The coronavirus pandemic period highlights this well. The futures positions of traders were peak negative in March through May 2020. By May, the S&P 500 was approaching its previous all-time-high. Simply, rather than fundamentally, there was no one left to sell the market, and the constant buyers, pension funds etc, were pushing prices higher.
It’s similar today. There’s no one left to sell. The terrible (formatted) chart below, shows the market is shorter today, than during the pandemic phase. The net position (longs minus shorts) is at historic extremes (more aggressive than in the pandemic). The longs are at historic lows. To be negative on the market is to be market consensus when the consensus is at historic extremes. That’s not a winning position.
Inequality Is Positively Correlated To The Equity Market.
In the course of 2022, as equity markets rally towards all time highs, the pain felt by ordinary people, and the European Union collectively, will be extreme.

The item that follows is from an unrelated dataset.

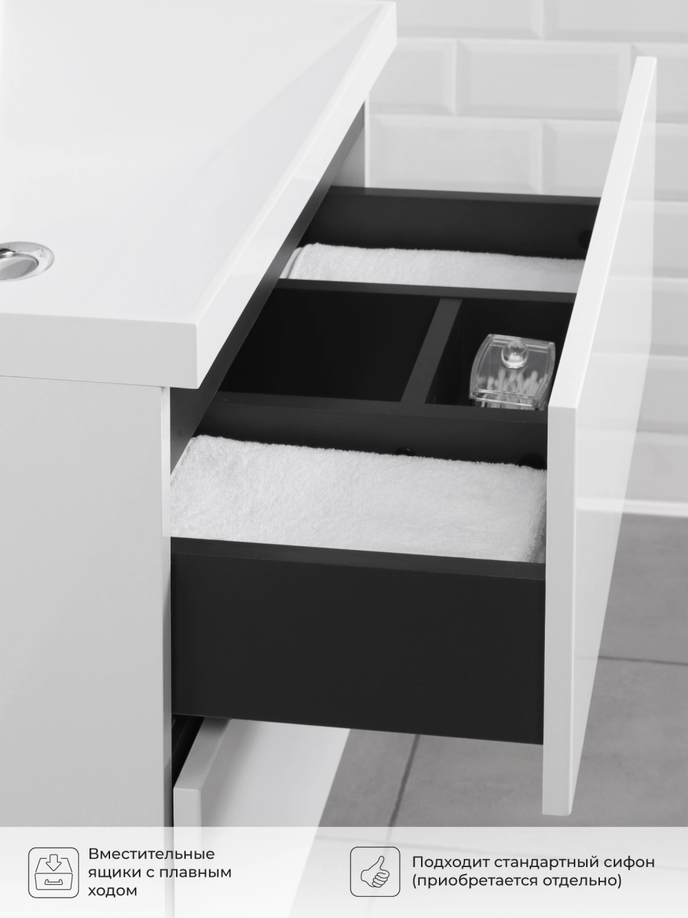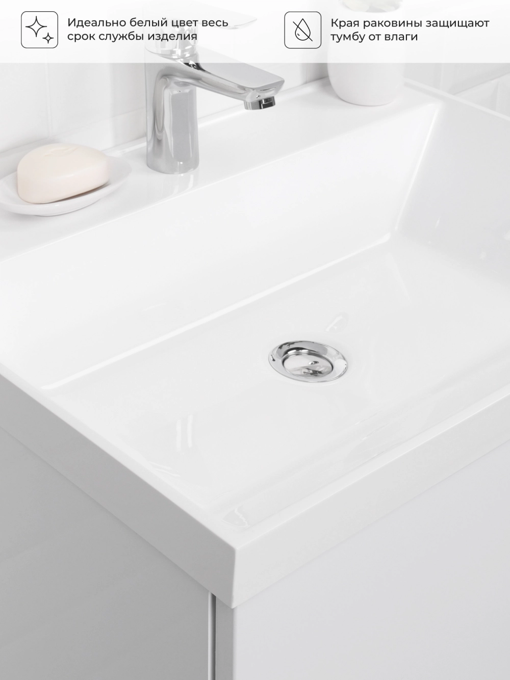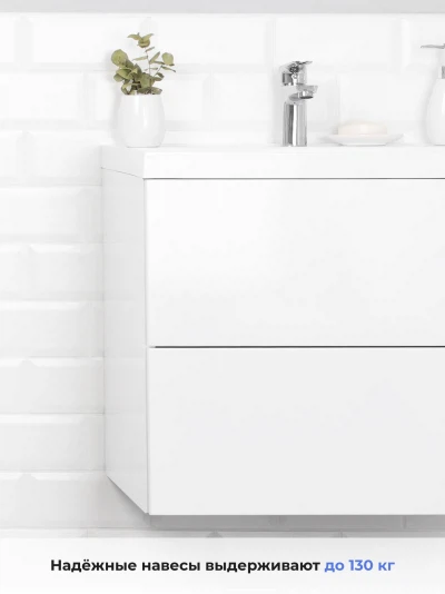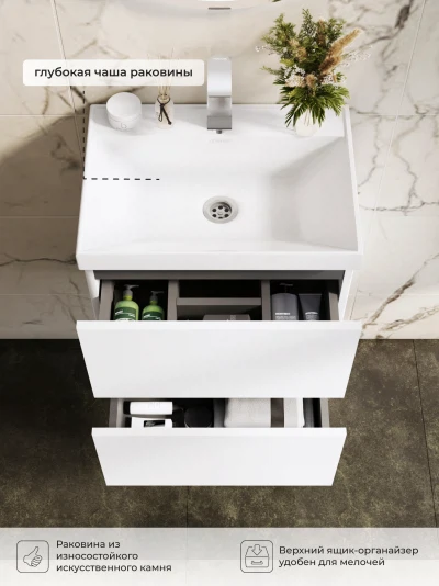 Подвесная тумба с раковиной в ванную комнату из коллекции Icon - это сочетание современной стилистики и богатого функционала. Навесной способ установки тумбы в ванную дает возможность не только визуально увеличить пространство, но и обеспечивает быстрый и удобный доступ для уборки. Размеры подвесной тумбы с раковиной - идеальный выбор для ванной комнаты или туалета. Качественная фурнитура с доводчиками обеспечивает легкое открывание и плавное закрывание ящиков. Тумба с раковиной с двумя ящиками, где можно рационально распределить и разместить все необходимые вещи для ванной комнаты. Вырез под сифон универсальный, для любого типа сифона. Раковина из искусственного камня – это безупречная гладкость поверхности, на которой не задерживаются загрязнения. Для точного выбора тумбы с раковиной в ванную комнату рекомендуем обратиться к схеме замеров, которая находится на фото в карточке товара, размеры изделия могут отличаться +/-1 см в связи со спецификой производства. Тумба с раковиной для ванной доставляется в предварительно собранном виде, надежно упакована.
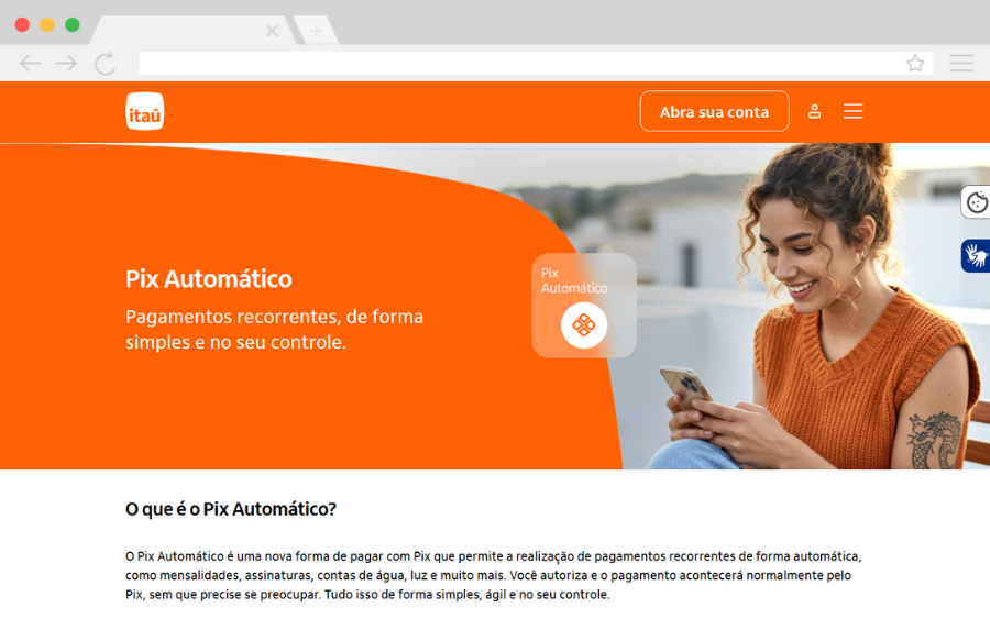 • PIX Automático: Nessa opção, o cliente final pode ativar a recorrência de pagamento, permitindo que o valor da fatura seja debitado automaticamente todos os meses. Isso simplifica o processo de cobrança e elimina a necessidade de lembrar o vencimento.

Prices will remain high, and some demand will come out of the US economy. Employment and wages will be negatively impacted. The toughest times will be faced by those least able to afford it. But the better off people are, the easier it will be to remain insulated from the pressures of rising prices. Indeed, insulating oneself from price pressures could support parts of the market.
Tesla. As oil prices rise, remain high, the economics of driving an electric vehicle improve. The better off a household is, the easier, and more productive, the shift to an EV becomes. Less well off households will remain exposed to rising oil prices. Tesla can do very well without expanding its market towards lower income households.
Europe, collectively, will have an even tougher time. In recent days, Azoty Group in Poland and CF Fertilisers in the UK have announced production suspensions due to a lack of CO2. Carlsberg are talking of suspending beer production for similar reasons. With energy prices touching $1,000 per barrel of oil equivalent in Europe, it’s likely that shutdowns of industry will occur.
Again, it won’t necessarily slow the US equity market’s gains.
Indeed, it should be expected that Europe’s woes will benefit the US. CEO of Cleveland Cliffs, Lourenco Gonsalves highlighted the opportunity in July:
… the reality is sinking in, in Europe. … They don’t have natural gas even to heat their houses. So we are starting to see reallocation of microchips and other things from Europe to the United States.
Planned European production will increasingly be transferred to the US. In coming months, there should be an improvement in US industrial production, particularly of new orders for fertilisers and chemicals, and an improvement in bulk shipping rates, as this transfer occurs. Again, this will benefit US equities.
One has to wonder at what political cost a rally in equities will have in coming years and electoral cycles.
Conclusion
In the next six months, the contradiction of markets and economies will be stark. The real economy will remain beset by the tail end of high prices caused by pandemic dislocations, and the war in Ukraine. But financial markets will begin pricing in both the end of these dislocations, and lower interest rates. It will be quite the contradiction.
The assertions are thought experiments reflecting a higher probability outcome than the alternative. As a long-only investor, it would be better if equities went up. The Lessep portfolio, however, is not going to change substantially, if at all, on this macro assessment. The portfolio is twenty individual ideas, often with idiosyncratic drivers, and 114 stocks (the bottom 17 make up just one per cent of capital).